Data section —

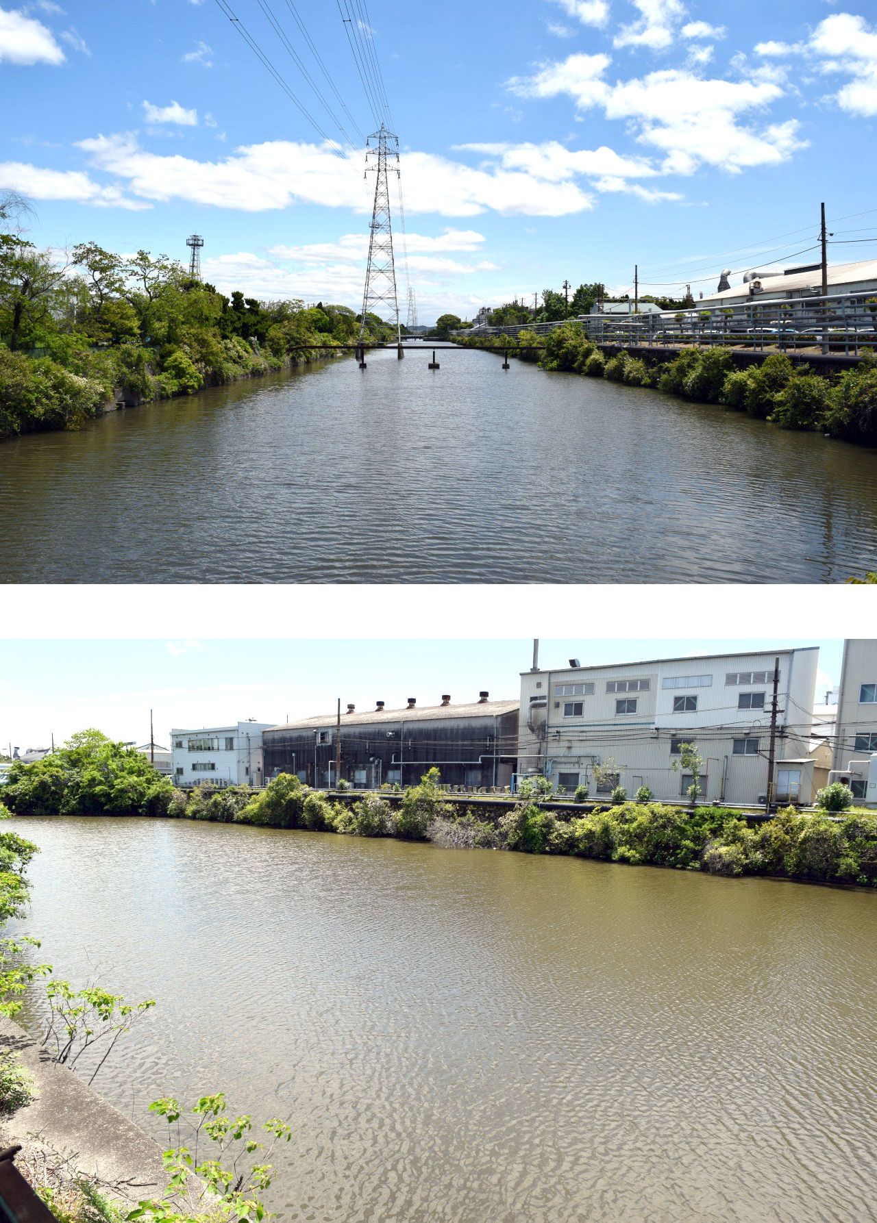 建設が進められた当時に、工場の北側に広がっていた水田地帯の用排水を図るために設けられた排水路で、水田が見られなくなった今は、東の夢前川と西の汐入川の間を結んで工場の製品や資材を船で運ぶ「運河」のようにしか見えない。
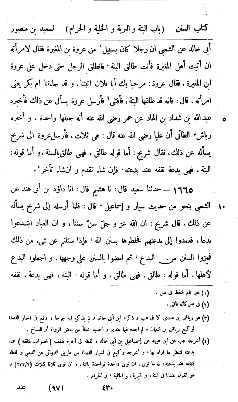 1665 - حَدَّثَنَا سَعِيدٌ قَالَ: نا هُشَيْمٌ، قَالَ: أنا دَاوُدُ بْنُ أَبِي هِنْدَ، عَنِ الشَّعْبِيِّ، بِنَحْوٍ مِنْ حَدِيثِ سَيَّارٍ وَإِسْمَاعِيلَ، قَالَ: فَلَمَّا أَرْسَلَهُ إِلَى شُرَيْحٍ يَسْأَلُهُ عَنْ ذَلِكَ، قَالَ شُرَيْحٌ: إِنَّ اللَّهَ عَزَّ وَجَلَّ سَنَّ سُنَنًا، وَإِنَّ الْعِبَادَ ابْتَدَعُوا بِدَعًا، فَعَمَدُوا إِلَى بِدْعَتِهِمْ فَخَلَطُوهَا بِسُنَنِ اللَّهِ، فَإِذَا سُئِلْتُمْ عَنْ شَيْءٍ مِنْ ذَلِكَ فَمَيِّزُوا السُّنَنَ مِنَ الْبِدَعِ، ثُمَّ امْضُوا بِالسُّنَنِ عَلَى وَجْهِهَا، وَاجْعَلُوا الْبِدَعَ لِأَهْلِهَا، وَأَمَّا §قَوْلُهُ: طَالِقٌ، فَهِيَ طَالِقٌ، وَأَمَّا قَوْلُهُ: الْبَتَّةَ، فَهِيَ بِدْعَةٌ، نَقِفُهُ -[431]- عِنْدَ بِدْعَتِهِ، فَإِنْ شَاءَ فَلْيَتَقَدَّمْ، وَإِنْ شَاءَ فَلْيَتَأَخَّرْ "
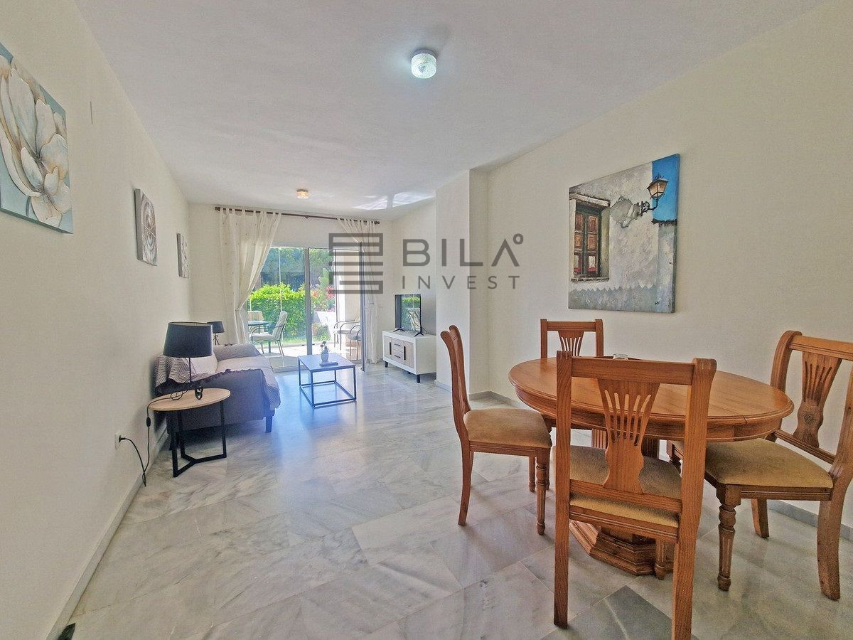 Ground floor apartment with garden for sale on the beachfront, in the Mi Capricho development, Calahonda, Mijas Costa. This property is located in a prime area of the Costa del Sol, with direct access to the beach and open views of the Mediterranean. Spread over 83.00 m2 of built area, maximizing every square meter, it offers a comfortable option for living or investing. On the ground floor, the private garden provides a perfect outdoor space for enjoying the local climate and for al fresco gatherings. This property is an attractive option for those seeking proximity to the sea without sacrificing services and amenities. The interior combines functionality and comfort. It has 2 bedrooms and 2 bathrooms, designed to optimize the layout and privacy. The kitchen is furnished and the entire apartment is delivered furnished, ready to move into. Built-in wardrobes maximize storage space, keeping the rooms tidy and clean. Air conditioning ensures pleasant climate control year-round, especially during the Costa del Sol's warm summers. Overall, the home is designed for comfortable and hassle-free daily use. The common areas add value to the property: a communal pool, green areas, and access surveillance ensure privacy and tranquility. A garage is also available, a key advantage in an area with a high demand for parking spaces. This facilitates daily management and adds convenience for residents and visitors. The combination of pool and green areas reinforces the appeal for families and individuals seeking a relaxed lifestyle with services within easy reach. All this within a well-maintained environment and in an easily accessible location. The location is an added value: just a stone's throw from the beach, with shops, restaurants, and services in the immediate vicinity. Calahonda and the Mijas Costa area offer a varied range of leisure activities, whose balance between beach and nature can be appreciated on every walk. The Mi Capricho development provides a residential feel, with constant security and maintenance. This property, offered by Bila Invest, presents itself as a solid option for both permanent use and a vacation rental investment. If you're looking for a home with growth potential and a stable base in a high-demand area, this is a perfect candidate. Come see it and find out if it fits your needs for housing, investment, or a quiet retreat by the sea.
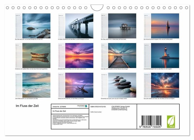 Tauche ein in die Stille. Dieser Fine-Art-Kalender fängt die Magie maritimer Langzeitbelichtungen ein. Glattes Wasser, sanft ziehende Wolken, minimalistische Kompositionen. Jedes Bild ist ein Innehalten, ein Atemzug zwischen Bewegung und Zeit. Ein Jahr voller Leichtigkeit, Weite und meditativer Ruhe. Ein stiller Begleiter für alle, die Schönheit im Einfachen suchen. Alle hier gezeigten Bilder wurden mit Sorgfalt, Liebe und mit Hilfe einer KI generiert. Abschließend werden sie mit Bildbearbeitungsprogrammen überarbeitet und in den Kalender eingefügt.

Task to complete —
The material above should be printed again exactly, with each picture left out.

Task response —
 建設が進められた当時に、工場の北側に広がっていた水田地帯の用排水を図るために設けられた排水路で、水田が見られなくなった今は、東の夢前川と西の汐入川の間を結んで工場の製品や資材を船で運ぶ「運河」のようにしか見えない。
 1665 - حَدَّثَنَا سَعِيدٌ قَالَ: نا هُشَيْمٌ، قَالَ: أنا دَاوُدُ بْنُ أَبِي هِنْدَ، عَنِ الشَّعْبِيِّ، بِنَحْوٍ مِنْ حَدِيثِ سَيَّارٍ وَإِسْمَاعِيلَ، قَالَ: فَلَمَّا أَرْسَلَهُ إِلَى شُرَيْحٍ يَسْأَلُهُ عَنْ ذَلِكَ، قَالَ شُرَيْحٌ: إِنَّ اللَّهَ عَزَّ وَجَلَّ سَنَّ سُنَنًا، وَإِنَّ الْعِبَادَ ابْتَدَعُوا بِدَعًا، فَعَمَدُوا إِلَى بِدْعَتِهِمْ فَخَلَطُوهَا بِسُنَنِ اللَّهِ، فَإِذَا سُئِلْتُمْ عَنْ شَيْءٍ مِنْ ذَلِكَ فَمَيِّزُوا السُّنَنَ مِنَ الْبِدَعِ، ثُمَّ امْضُوا بِالسُّنَنِ عَلَى وَجْهِهَا، وَاجْعَلُوا الْبِدَعَ لِأَهْلِهَا، وَأَمَّا §قَوْلُهُ: طَالِقٌ، فَهِيَ طَالِقٌ، وَأَمَّا قَوْلُهُ: الْبَتَّةَ، فَهِيَ بِدْعَةٌ، نَقِفُهُ -[431]- عِنْدَ بِدْعَتِهِ، فَإِنْ شَاءَ فَلْيَتَقَدَّمْ، وَإِنْ شَاءَ فَلْيَتَأَخَّرْ "
 Ground floor apartment with garden for sale on the beachfront, in the Mi Capricho development, Calahonda, Mijas Costa. This property is located in a prime area of the Costa del Sol, with direct access to the beach and open views of the Mediterranean. Spread over 83.00 m2 of built area, maximizing every square meter, it offers a comfortable option for living or investing. On the ground floor, the private garden provides a perfect outdoor space for enjoying the local climate and for al fresco gatherings. This property is an attractive option for those seeking proximity to the sea without sacrificing services and amenities. The interior combines functionality and comfort. It has 2 bedrooms and 2 bathrooms, designed to optimize the layout and privacy. The kitchen is furnished and the entire apartment is delivered furnished, ready to move into. Built-in wardrobes maximize storage space, keeping the rooms tidy and clean. Air conditioning ensures pleasant climate control year-round, especially during the Costa del Sol's warm summers. Overall, the home is designed for comfortable and hassle-free daily use. The common areas add value to the property: a communal pool, green areas, and access surveillance ensure privacy and tranquility. A garage is also available, a key advantage in an area with a high demand for parking spaces. This facilitates daily management and adds convenience for residents and visitors. The combination of pool and green areas reinforces the appeal for families and individuals seeking a relaxed lifestyle with services within easy reach. All this within a well-maintained environment and in an easily accessible location. The location is an added value: just a stone's throw from the beach, with shops, restaurants, and services in the immediate vicinity. Calahonda and the Mijas Costa area offer a varied range of leisure activities, whose balance between beach and nature can be appreciated on every walk. The Mi Capricho development provides a residential feel, with constant security and maintenance. This property, offered by Bila Invest, presents itself as a solid option for both permanent use and a vacation rental investment. If you're looking for a home with growth potential and a stable base in a high-demand area, this is a perfect candidate. Come see it and find out if it fits your needs for housing, investment, or a quiet retreat by the sea.
 Tauche ein in die Stille. Dieser Fine-Art-Kalender fängt die Magie maritimer Langzeitbelichtungen ein. Glattes Wasser, sanft ziehende Wolken, minimalistische Kompositionen. Jedes Bild ist ein Innehalten, ein Atemzug zwischen Bewegung und Zeit. Ein Jahr voller Leichtigkeit, Weite und meditativer Ruhe. Ein stiller Begleiter für alle, die Schönheit im Einfachen suchen. Alle hier gezeigten Bilder wurden mit Sorgfalt, Liebe und mit Hilfe einer KI generiert. Abschließend werden sie mit Bildbearbeitungsprogrammen überarbeitet und in den Kalender eingefügt.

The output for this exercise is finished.